Only the pictures are to be dropped; the rest of the data below is to be duplicated exactly.

## Source material:
- - -

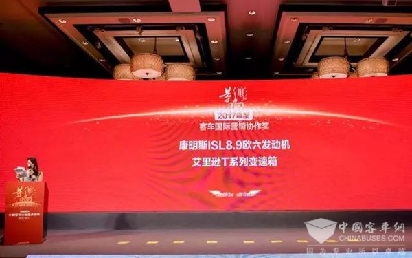康明斯ISL8.9欧VI发动机摘得客车国际营销协作奖。康明斯ISL系列8.9升全电控发动机,功率覆盖280-400马力,与同等排量发动机相比重量更轻,结构更紧凑,动力更强大。ISL大大提高了车辆的承载能力和运营效率,且燃油经济性优异,是大型公交车、长途客车的理想动力。不仅在乌鲁木齐公交BRT有着成熟配套应用,还是国内主机厂出口高端欧美市场的主力机型。在2017年,200台搭载ISL8.9 欧VI发动机的金龙豪华客车出口到欧洲和以色列。
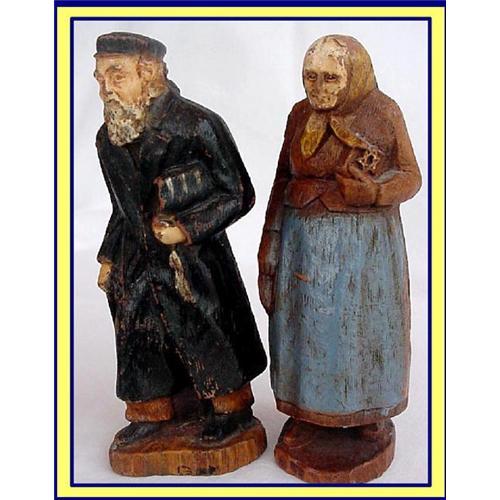 Pair of very old East European Jewish figurines, made Russia/Poland/other East European country, probably early 20th century.<BR>The man is a little over 5 1/2inches high.<BR>First appearance look like wood carved figures, but closer inspection reveals that they are made of some kind of ceramic material and polychrome cold painted.<BR>Each stands on a naturalistic looking 'wooden base'. The old man leans on a stick, his tfillin bag under one arm and his tzitzit hanging out from his buttoned up coat. Long white beard and skull cap as worn by the old Ashkenazi Jews. His wife, in headscarf, carries a prayer book with a carved Magen David on the cover.<BR>No identifying marks.<BR>Good original condition. Original paint with natural losses and back of woman figure's base has a chip.
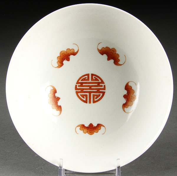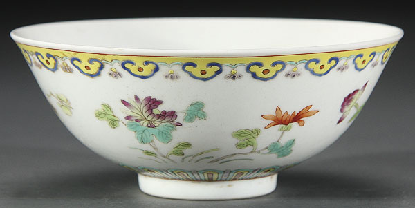 A CHINESE FAMILLE ROSE PORCELAIN "FOUR BATS" BOWL. Finely enameled with polychrome florals below a Ruyi and yellow ground boarder rim. The interior with four copper red bats, raised on a short foot rim with Jaiquing red seal mark. Diameter 5.375 inches (13.5 cm).

- - -

## Task output:
康明斯ISL8.9欧VI发动机摘得客车国际营销协作奖。康明斯ISL系列8.9升全电控发动机,功率覆盖280-400马力,与同等排量发动机相比重量更轻,结构更紧凑,动力更强大。ISL大大提高了车辆的承载能力和运营效率,且燃油经济性优异,是大型公交车、长途客车的理想动力。不仅在乌鲁木齐公交BRT有着成熟配套应用,还是国内主机厂出口高端欧美市场的主力机型。在2017年,200台搭载ISL8.9 欧VI发动机的金龙豪华客车出口到欧洲和以色列。
 Pair of very old East European Jewish figurines, made Russia/Poland/other East European country, probably early 20th century.<BR>The man is a little over 5 1/2inches high.<BR>First appearance look like wood carved figures, but closer inspection reveals that they are made of some kind of ceramic material and polychrome cold painted.<BR>Each stands on a naturalistic looking 'wooden base'. The old man leans on a stick, his tfillin bag under one arm and his tzitzit hanging out from his buttoned up coat. Long white beard and skull cap as worn by the old Ashkenazi Jews. His wife, in headscarf, carries a prayer book with a carved Magen David on the cover.<BR>No identifying marks.<BR>Good original condition. Original paint with natural losses and back of woman figure's base has a chip.
 A CHINESE FAMILLE ROSE PORCELAIN "FOUR BATS" BOWL. Finely enameled with polychrome florals below a Ruyi and yellow ground boarder rim. The interior with four copper red bats, raised on a short foot rim with Jaiquing red seal mark. Diameter 5.375 inches (13.5 cm).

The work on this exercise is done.